Re: [PATCH v12 0/7] Make cpuid <-> nodeid mapping persistent

2016-09-02 Thread Dou Liyang

Ping...

At 08/25/2016 04:35 PM, Dou Liyang wrote:

[Summary]

Use ACPI tables: MADT, DSDT.
1. Create cpuid in order based on Local Apic ID in MADT(apicid).
2. Obtain the nodeid by the proc_id in DSDT.
3. Make the cpuid <-> nodeid mapping persistent.

The mapping relations:

proc_id in DSDT <--> Processor ID in MADT(acpiid) <--> Local Apic ID in 
MADT(apicid)
^^
||
v    v 
   pxm in DSDT cpuid
^
|
v
 nodeid

[Problem]

cpuid <-> nodeid mapping is firstly established at boot time. And workqueue 
caches
the mapping in wq_numa_possible_cpumask in wq_numa_init() at boot time.

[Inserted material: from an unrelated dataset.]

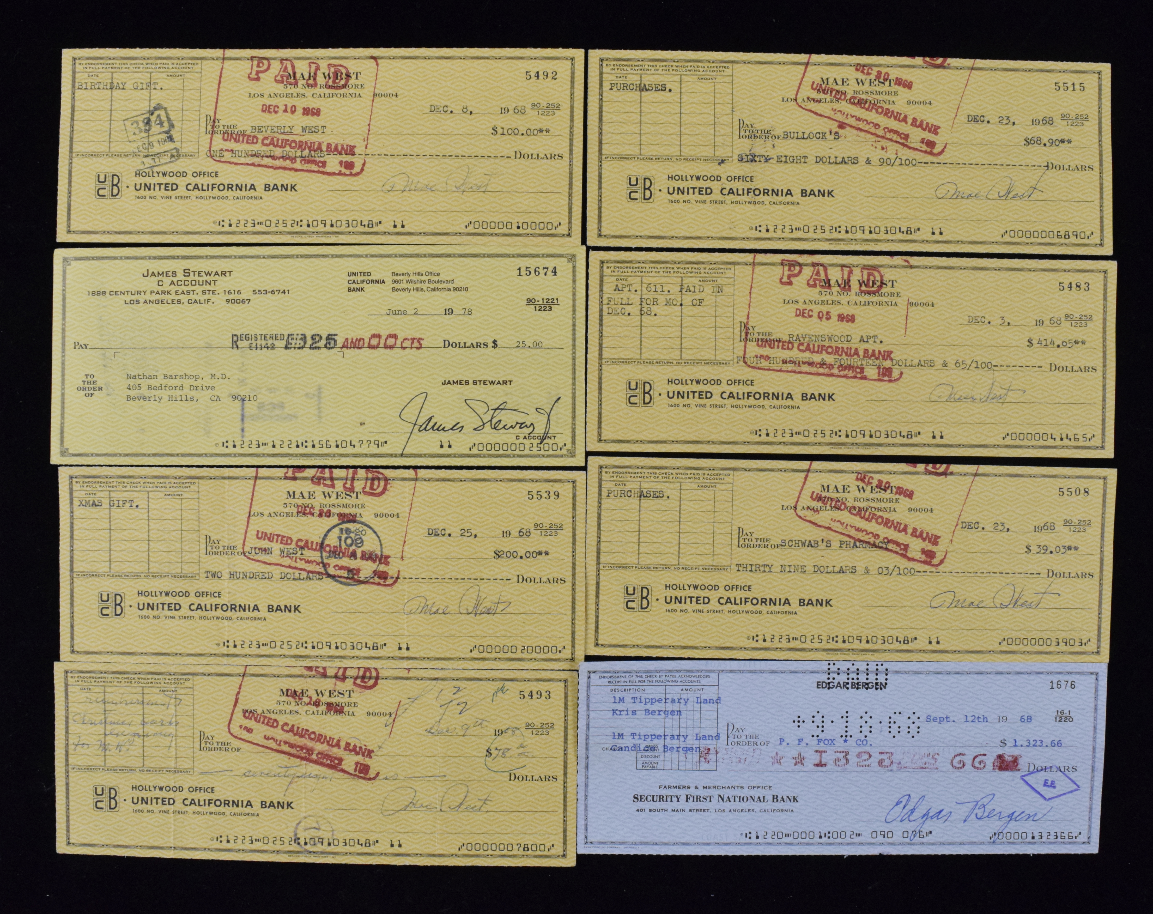Description:Lot of (9) noted entertainer signed checks incl. Jimmy Stewart (EX-NM) Includes Jimmy Stewart, (6) Mae West, and (2) Edgar Bergen. Signatures rate 7 to 9 out of 10. Typically bank cancellations and mild to moderate handling wear: EX-NM

When doing node online/offline, cpuid <-> nodeid mapping is 
established/destroyed,
which means, cpuid <-> nodeid mapping will change if node hotplug happens. But
workqueue does not update wq_numa_possible_cpumask.

So here is the problem:

Assume we have the following cpuid <-> nodeid in the beginning:

  Node | CPU

node 0 |  0-14, 60-74
node 1 | 15-29, 75-89
node 2 | 30-44, 90-104
node 3 | 45-59, 105-119

and we hot-remove node2 and node3, it becomes:

  Node | CPU

node 0 |  0-14, 60-74
node 1 | 15-29, 75-89

and we hot-add node4 and node5, it becomes:

  Node | CPU

node 0 |  0-14, 60-74
node 1 | 15-29, 75-89
node 4 | 30-59
node 5 | 90-119

But in wq_numa_possible_cpumask, cpu30 is still mapped to node2, and the like.

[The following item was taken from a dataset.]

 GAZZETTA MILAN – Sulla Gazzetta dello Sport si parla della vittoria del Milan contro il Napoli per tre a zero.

When a pool workqueue is initialized, if its cpumask belongs to a node, its
pool->node will be mapped to that node. And memory used by this workqueue will
also be allocated on that node.

static struct worker_pool *get_unbound_pool(const struct workqueue_attrs 
*attrs){
...
/* if cpumask is contained inside a NUMA node, we belong to that node */
if (wq_numa_enabled) {
for_each_node(node) {
if (cpumask_subset(pool->attrs->cpumask,
   wq_numa_possible_cpumask[node])) {
pool->node = node;
break;
}
}
}

Since wq_numa_possible_cpumask is not updated, it could be mapped to an offline 
node,
which will lead to memory allocation failure:

 SLUB: Unable to allocate memory on node 2 (gfp=0x80d0)
  cache: kmalloc-192, object size: 192, buffer size: 192, default order: 1, min 
order: 0
  node 0: slabs: 6172, objs: 259224, free: 245741
  node 1: slabs: 3261, objs: 136962, free: 127656

It happens here:

create_worker(struct worker_pool *pool)
 |--> worker = alloc_worker(pool->node);

static struct worker *alloc_worker(int node)
{
struct worker *worker;

worker = kzalloc_node(sizeof(*worker), GFP_KERNEL, node); --> Here, 
useing the wrong node.

..

return worker;
}


[Solution]

There are four mappings in the kernel:
1. nodeid (logical node id)   <->   pxm
2. apicid (physical cpu id)   <->   nodeid
3. cpuid (logical cpu id) <->   apicid
4. cpuid (logical cpu id) <->   nodeid

1. pxm (proximity domain) is provided by ACPI firmware in SRAT, and nodeid <-> 
pxm
   mapping is setup at boot time. This mapping is persistent, won't change.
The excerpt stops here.